Problem details: Below are records with pictures in them. Output exactly the lines from the one with "Koca yaptığı açıklamada;" through the one with "Описаниехолодильник однокамерный встраиваемый, 306", both included, and leave every picture out; give only those lines.

Source records:
%%

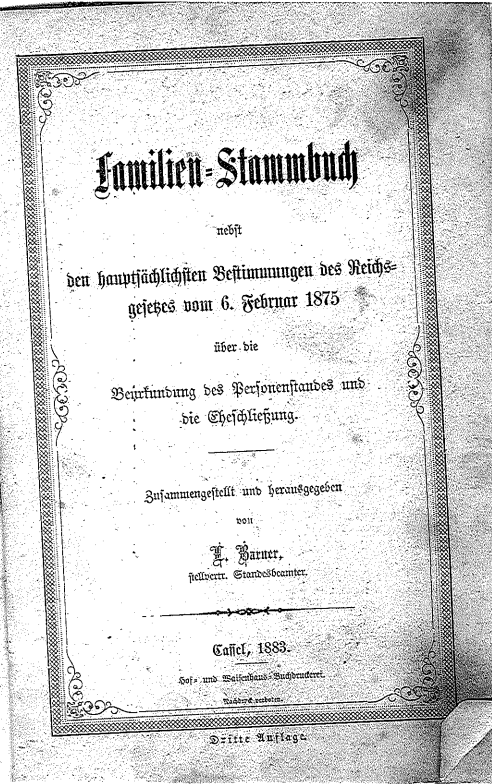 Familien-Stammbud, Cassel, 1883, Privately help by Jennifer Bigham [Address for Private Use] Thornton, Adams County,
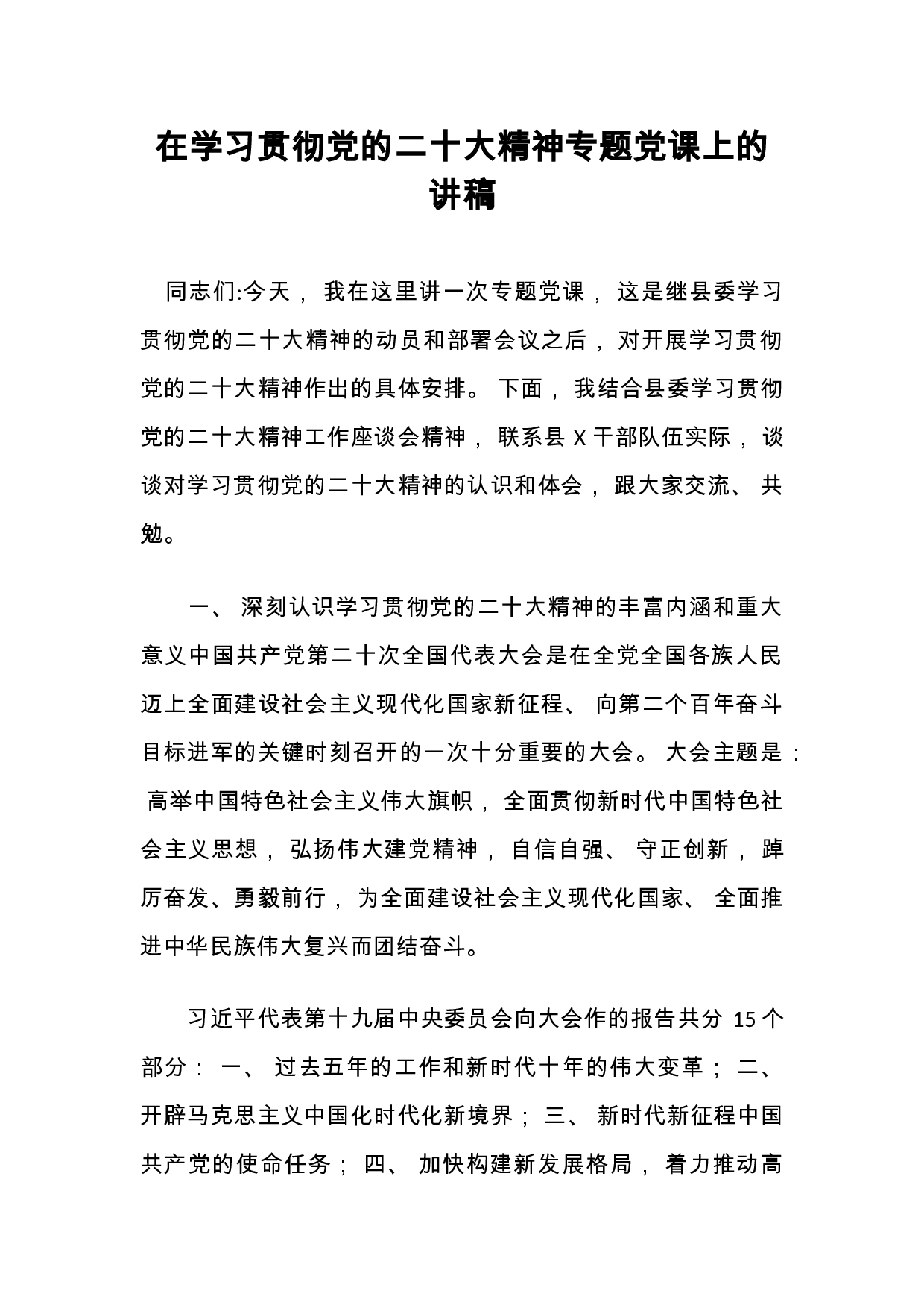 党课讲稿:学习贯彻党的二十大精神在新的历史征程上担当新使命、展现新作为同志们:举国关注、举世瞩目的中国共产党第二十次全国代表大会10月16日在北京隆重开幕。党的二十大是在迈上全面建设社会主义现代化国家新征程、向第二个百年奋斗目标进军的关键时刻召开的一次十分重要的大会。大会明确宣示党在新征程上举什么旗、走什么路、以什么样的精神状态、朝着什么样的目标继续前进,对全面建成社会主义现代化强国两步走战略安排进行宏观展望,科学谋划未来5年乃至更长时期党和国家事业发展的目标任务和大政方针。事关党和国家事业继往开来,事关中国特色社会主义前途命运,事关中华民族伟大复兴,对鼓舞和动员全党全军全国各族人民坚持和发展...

%%
%%

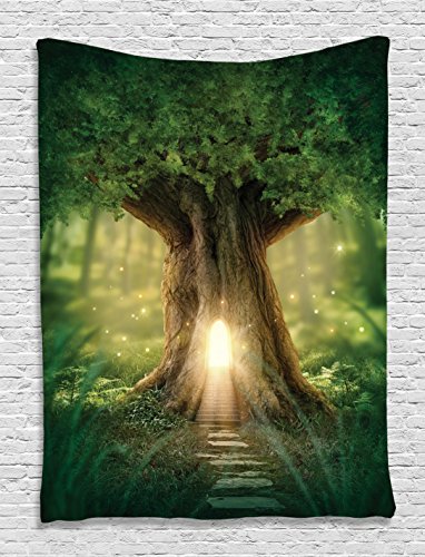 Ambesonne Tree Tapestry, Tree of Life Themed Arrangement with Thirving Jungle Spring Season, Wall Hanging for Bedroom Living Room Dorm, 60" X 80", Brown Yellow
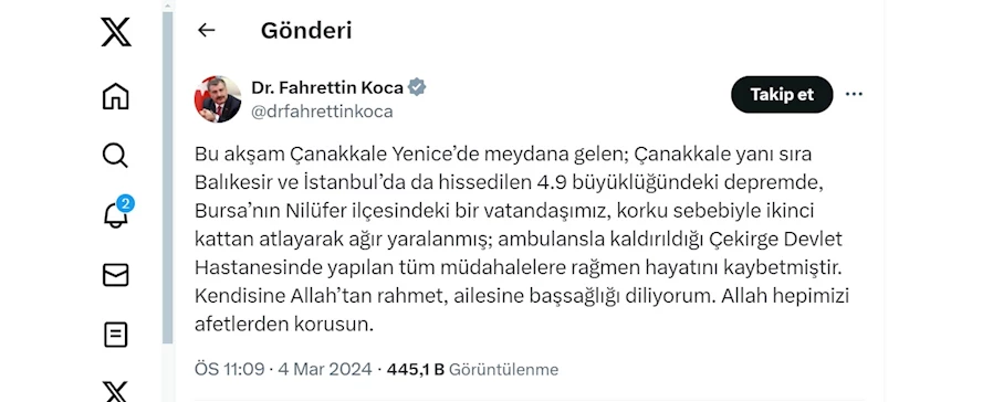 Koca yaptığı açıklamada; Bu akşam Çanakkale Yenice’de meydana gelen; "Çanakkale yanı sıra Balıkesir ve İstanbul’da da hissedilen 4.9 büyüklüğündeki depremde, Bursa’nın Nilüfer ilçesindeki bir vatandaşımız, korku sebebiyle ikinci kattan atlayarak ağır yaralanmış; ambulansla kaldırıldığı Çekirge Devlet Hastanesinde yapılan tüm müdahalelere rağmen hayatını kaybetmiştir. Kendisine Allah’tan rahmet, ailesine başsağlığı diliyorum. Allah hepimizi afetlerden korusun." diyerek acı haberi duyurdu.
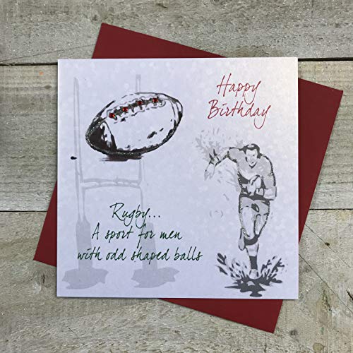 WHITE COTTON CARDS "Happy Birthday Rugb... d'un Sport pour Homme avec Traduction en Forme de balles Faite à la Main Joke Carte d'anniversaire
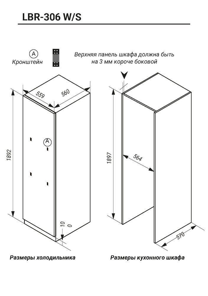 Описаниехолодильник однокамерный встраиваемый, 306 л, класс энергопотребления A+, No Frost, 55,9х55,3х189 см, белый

%%
%%

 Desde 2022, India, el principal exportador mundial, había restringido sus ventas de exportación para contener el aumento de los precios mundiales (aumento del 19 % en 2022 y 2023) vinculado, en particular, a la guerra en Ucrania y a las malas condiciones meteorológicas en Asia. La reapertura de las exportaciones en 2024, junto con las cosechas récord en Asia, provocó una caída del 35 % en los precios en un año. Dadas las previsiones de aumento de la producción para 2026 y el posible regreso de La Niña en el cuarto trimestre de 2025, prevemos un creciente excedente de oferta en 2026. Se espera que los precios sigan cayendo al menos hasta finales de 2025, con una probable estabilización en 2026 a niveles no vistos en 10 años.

%%

Answer space:
 Koca yaptığı açıklamada; Bu akşam Çanakkale Yenice’de meydana gelen; "Çanakkale yanı sıra Balıkesir ve İstanbul’da da hissedilen 4.9 büyüklüğündeki depremde, Bursa’nın Nilüfer ilçesindeki bir vatandaşımız, korku sebebiyle ikinci kattan atlayarak ağır yaralanmış; ambulansla kaldırıldığı Çekirge Devlet Hastanesinde yapılan tüm müdahalelere rağmen hayatını kaybetmiştir. Kendisine Allah’tan rahmet, ailesine başsağlığı diliyorum. Allah hepimizi afetlerden korusun." diyerek acı haberi duyurdu.
 WHITE COTTON CARDS "Happy Birthday Rugb... d'un Sport pour Homme avec Traduction en Forme de balles Faite à la Main Joke Carte d'anniversaire
 Описаниехолодильник однокамерный встраиваемый, 306 л, класс энергопотребления A+, No Frost, 55,9х55,3х189 см, белый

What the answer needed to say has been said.